■ Task to carry out ■
Return every line from the one with "Obec Čížkovice Vás" through the one with "c 가 이렇게 선언 되어있어서, 0번째를 출력하고자 해서", inclusive, exactly as it appears below.

━━ Task data

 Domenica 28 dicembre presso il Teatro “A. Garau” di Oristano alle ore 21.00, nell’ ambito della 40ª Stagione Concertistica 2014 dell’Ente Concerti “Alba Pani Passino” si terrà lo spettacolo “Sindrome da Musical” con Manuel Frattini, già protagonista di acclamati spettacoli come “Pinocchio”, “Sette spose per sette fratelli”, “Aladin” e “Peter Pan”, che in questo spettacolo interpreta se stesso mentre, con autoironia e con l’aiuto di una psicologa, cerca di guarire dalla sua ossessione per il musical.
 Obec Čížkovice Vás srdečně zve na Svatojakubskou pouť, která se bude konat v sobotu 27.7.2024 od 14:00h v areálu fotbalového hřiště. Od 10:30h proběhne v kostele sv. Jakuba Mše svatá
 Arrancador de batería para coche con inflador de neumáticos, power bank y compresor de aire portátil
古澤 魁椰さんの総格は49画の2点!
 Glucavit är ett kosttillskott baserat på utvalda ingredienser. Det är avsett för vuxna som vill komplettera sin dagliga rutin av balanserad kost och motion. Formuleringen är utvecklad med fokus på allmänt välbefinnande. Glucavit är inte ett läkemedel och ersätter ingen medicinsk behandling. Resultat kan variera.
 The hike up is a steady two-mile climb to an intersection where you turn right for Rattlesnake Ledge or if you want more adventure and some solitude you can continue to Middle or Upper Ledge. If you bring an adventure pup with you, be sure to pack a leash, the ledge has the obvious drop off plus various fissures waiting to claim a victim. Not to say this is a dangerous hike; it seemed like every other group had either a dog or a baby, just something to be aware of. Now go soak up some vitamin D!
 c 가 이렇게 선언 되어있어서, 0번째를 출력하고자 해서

━━━━
━━ Task data

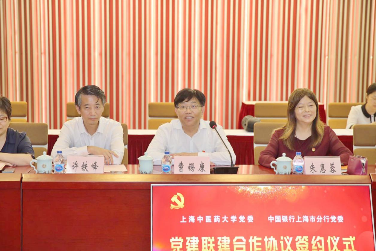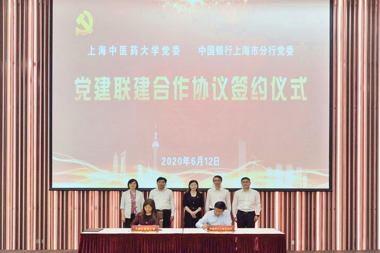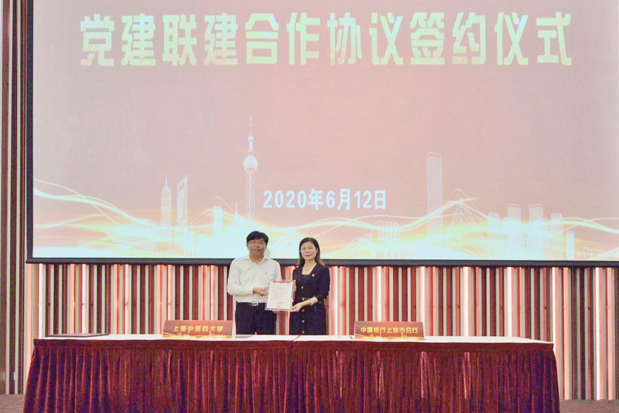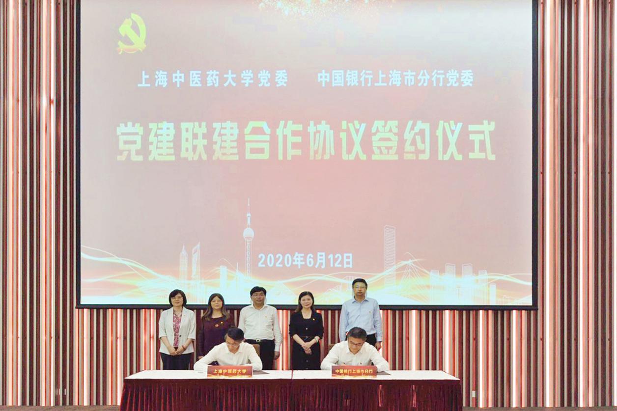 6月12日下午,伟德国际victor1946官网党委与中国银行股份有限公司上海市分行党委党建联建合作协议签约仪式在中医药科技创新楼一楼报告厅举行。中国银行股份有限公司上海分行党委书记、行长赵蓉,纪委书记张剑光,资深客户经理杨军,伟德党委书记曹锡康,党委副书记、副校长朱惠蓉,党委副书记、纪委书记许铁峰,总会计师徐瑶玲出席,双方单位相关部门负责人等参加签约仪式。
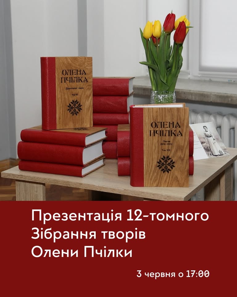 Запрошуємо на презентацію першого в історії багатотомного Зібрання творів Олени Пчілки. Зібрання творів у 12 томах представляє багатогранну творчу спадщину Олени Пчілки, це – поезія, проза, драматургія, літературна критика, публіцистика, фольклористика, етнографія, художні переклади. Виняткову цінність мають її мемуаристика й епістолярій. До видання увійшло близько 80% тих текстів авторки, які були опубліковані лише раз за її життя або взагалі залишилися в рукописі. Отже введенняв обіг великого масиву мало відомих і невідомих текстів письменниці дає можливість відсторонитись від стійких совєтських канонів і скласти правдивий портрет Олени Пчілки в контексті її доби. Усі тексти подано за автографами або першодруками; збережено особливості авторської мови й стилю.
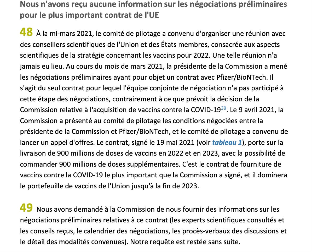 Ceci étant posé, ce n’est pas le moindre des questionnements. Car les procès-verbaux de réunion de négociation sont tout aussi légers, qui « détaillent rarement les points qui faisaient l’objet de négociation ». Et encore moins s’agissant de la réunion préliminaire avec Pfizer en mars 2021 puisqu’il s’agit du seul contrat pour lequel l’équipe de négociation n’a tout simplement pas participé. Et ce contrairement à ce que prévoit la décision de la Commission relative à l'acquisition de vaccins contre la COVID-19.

━━━━
━━ Task data

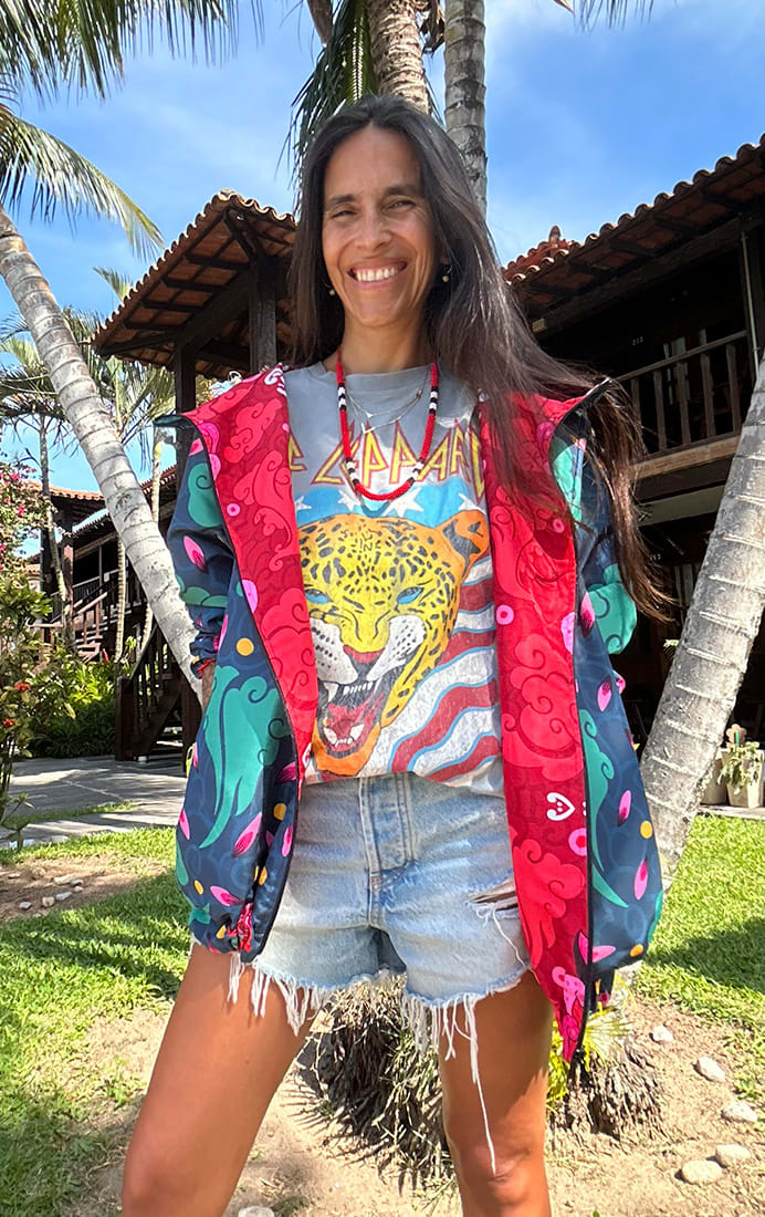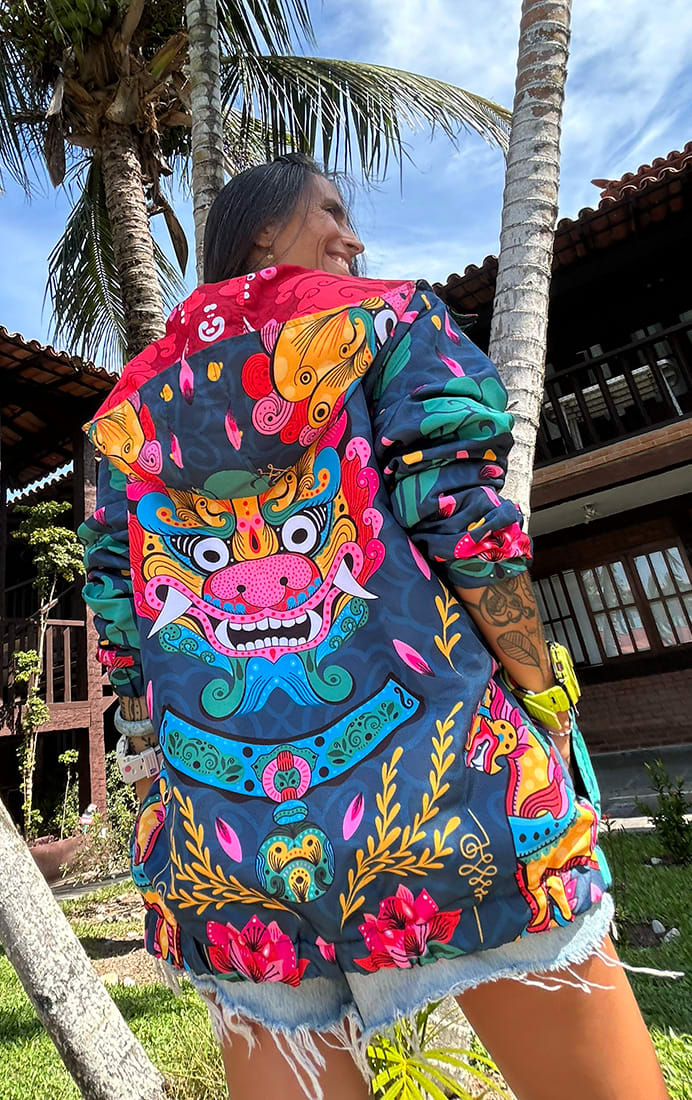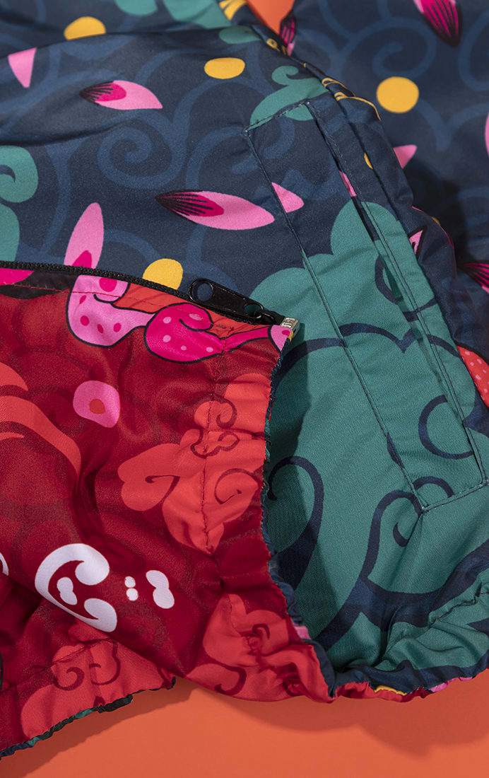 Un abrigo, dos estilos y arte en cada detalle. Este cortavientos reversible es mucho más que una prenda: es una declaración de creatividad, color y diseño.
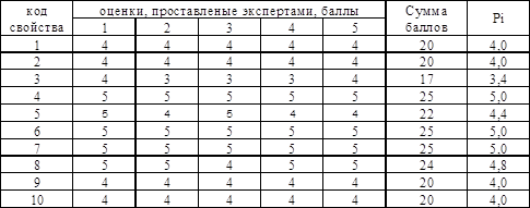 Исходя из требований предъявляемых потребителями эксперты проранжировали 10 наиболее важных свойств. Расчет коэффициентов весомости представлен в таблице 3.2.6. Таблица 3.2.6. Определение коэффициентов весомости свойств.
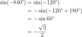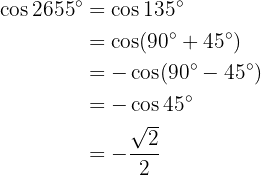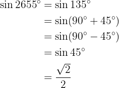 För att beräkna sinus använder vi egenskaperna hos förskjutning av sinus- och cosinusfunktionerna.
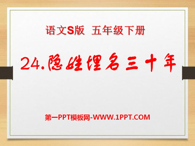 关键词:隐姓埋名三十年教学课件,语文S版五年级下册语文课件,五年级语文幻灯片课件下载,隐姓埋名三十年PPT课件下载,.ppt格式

━━━━

■ Answer space ■
 Obec Čížkovice Vás srdečně zve na Svatojakubskou pouť, která se bude konat v sobotu 27.7.2024 od 14:00h v areálu fotbalového hřiště. Od 10:30h proběhne v kostele sv. Jakuba Mše svatá
 Arrancador de batería para coche con inflador de neumáticos, power bank y compresor de aire portátil
古澤 魁椰さんの総格は49画の2点!
 Glucavit är ett kosttillskott baserat på utvalda ingredienser. Det är avsett för vuxna som vill komplettera sin dagliga rutin av balanserad kost och motion. Formuleringen är utvecklad med fokus på allmänt välbefinnande. Glucavit är inte ett läkemedel och ersätter ingen medicinsk behandling. Resultat kan variera.
 The hike up is a steady two-mile climb to an intersection where you turn right for Rattlesnake Ledge or if you want more adventure and some solitude you can continue to Middle or Upper Ledge. If you bring an adventure pup with you, be sure to pack a leash, the ledge has the obvious drop off plus various fissures waiting to claim a victim. Not to say this is a dangerous hike; it seemed like every other group had either a dog or a baby, just something to be aware of. Now go soak up some vitamin D!
 c 가 이렇게 선언 되어있어서, 0번째를 출력하고자 해서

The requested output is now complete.